:: MATERIAL PROVIDED ::

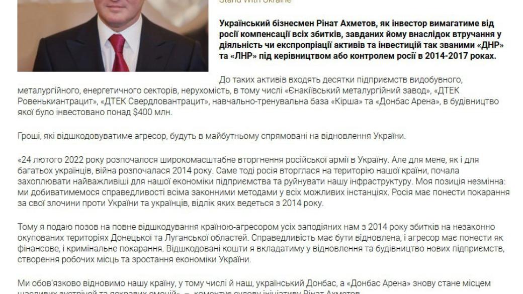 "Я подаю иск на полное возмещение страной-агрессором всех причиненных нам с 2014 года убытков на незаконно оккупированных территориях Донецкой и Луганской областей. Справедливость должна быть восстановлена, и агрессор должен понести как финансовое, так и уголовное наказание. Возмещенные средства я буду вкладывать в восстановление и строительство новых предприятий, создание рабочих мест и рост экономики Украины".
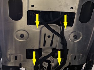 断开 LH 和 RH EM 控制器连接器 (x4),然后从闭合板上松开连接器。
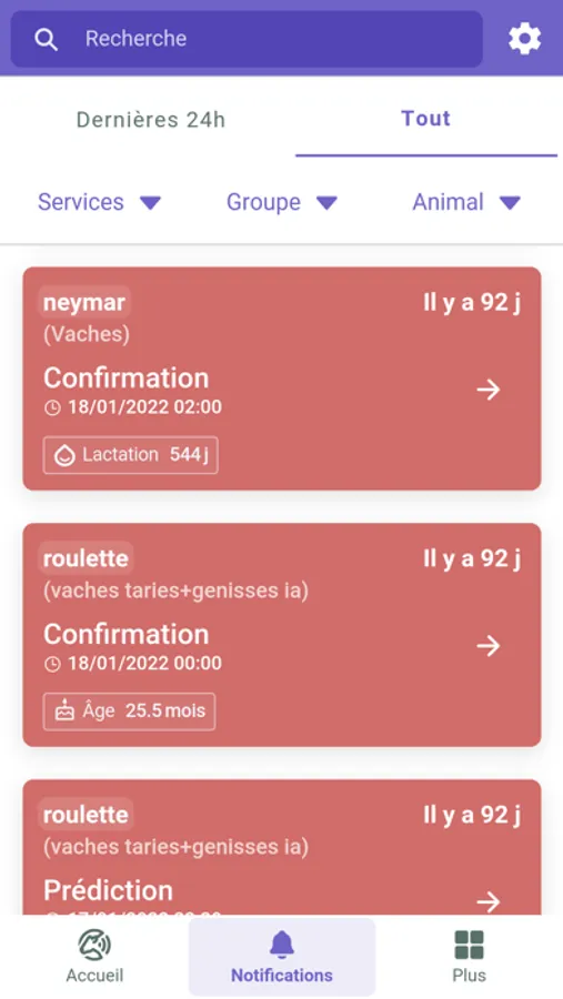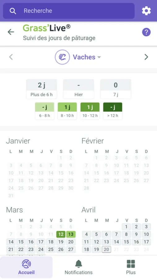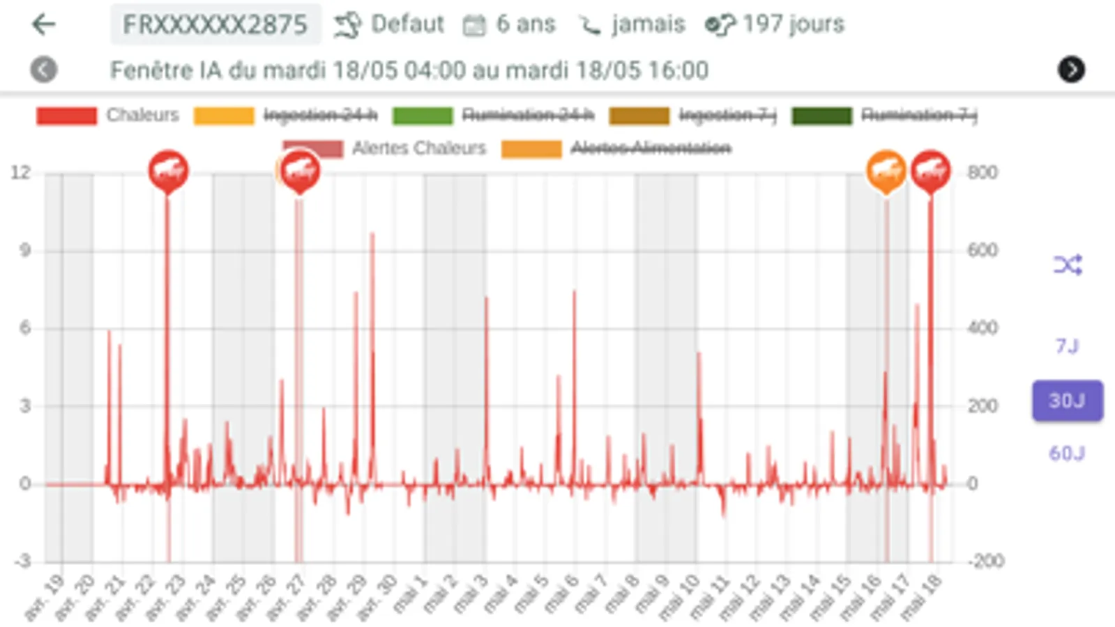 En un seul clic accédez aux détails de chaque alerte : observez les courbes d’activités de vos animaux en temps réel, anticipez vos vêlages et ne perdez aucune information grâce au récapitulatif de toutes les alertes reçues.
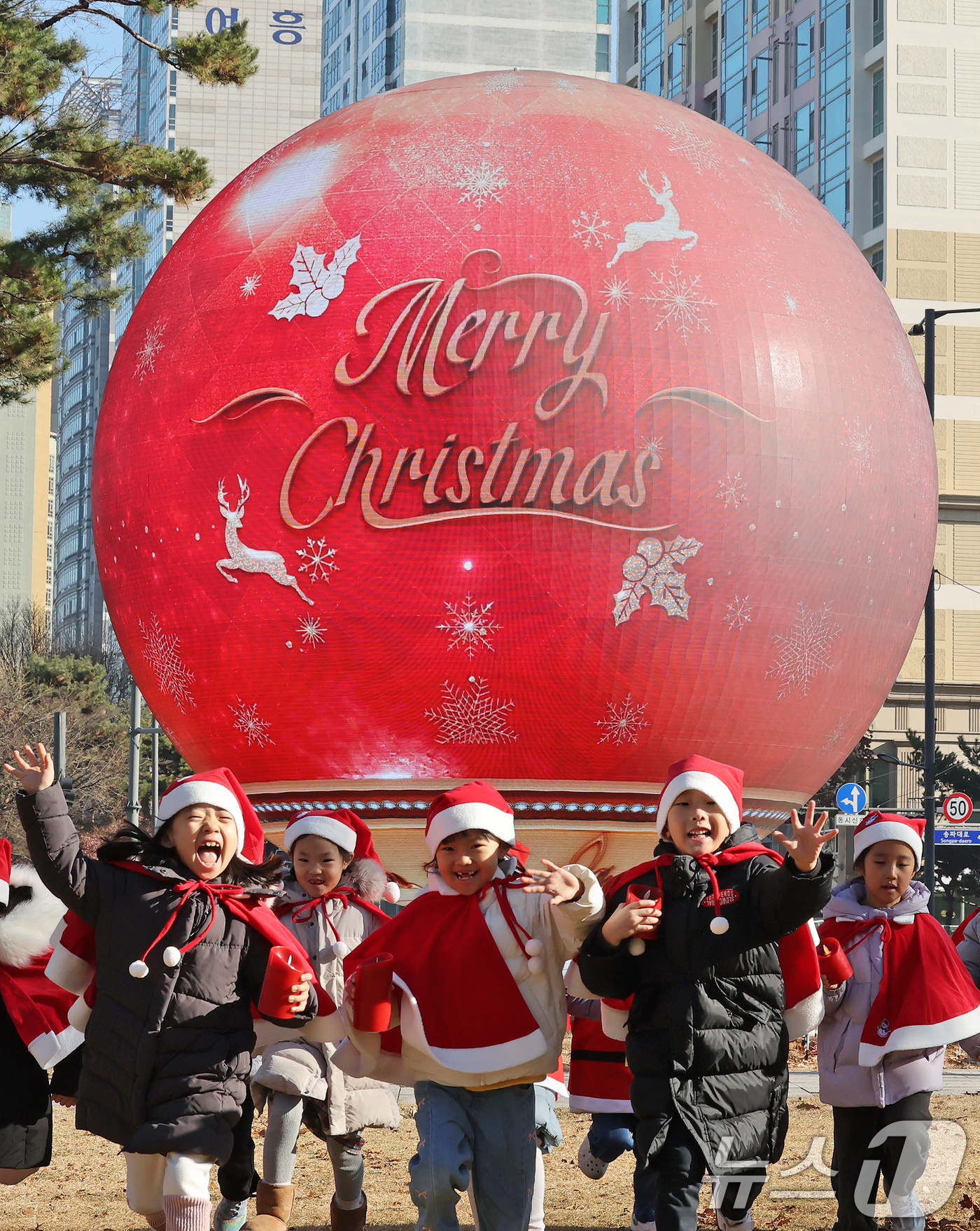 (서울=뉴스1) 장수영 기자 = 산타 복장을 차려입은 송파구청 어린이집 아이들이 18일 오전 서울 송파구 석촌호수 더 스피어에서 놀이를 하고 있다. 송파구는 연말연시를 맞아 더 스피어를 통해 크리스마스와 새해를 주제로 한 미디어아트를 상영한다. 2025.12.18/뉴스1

:::

● TASK DIRECTIONS
For this answer, retype the lines from the start of the listing through the line that holds "断开 LH 和 RH EM 控制器连接器 (x4),然后从闭合板上松开连接器。", inclusive, exactly and without pictures.

● SOLUTION
 "Я подаю иск на полное возмещение страной-агрессором всех причиненных нам с 2014 года убытков на незаконно оккупированных территориях Донецкой и Луганской областей. Справедливость должна быть восстановлена, и агрессор должен понести как финансовое, так и уголовное наказание. Возмещенные средства я буду вкладывать в восстановление и строительство новых предприятий, создание рабочих мест и рост экономики Украины".
 断开 LH 和 RH EM 控制器连接器 (x4),然后从闭合板上松开连接器。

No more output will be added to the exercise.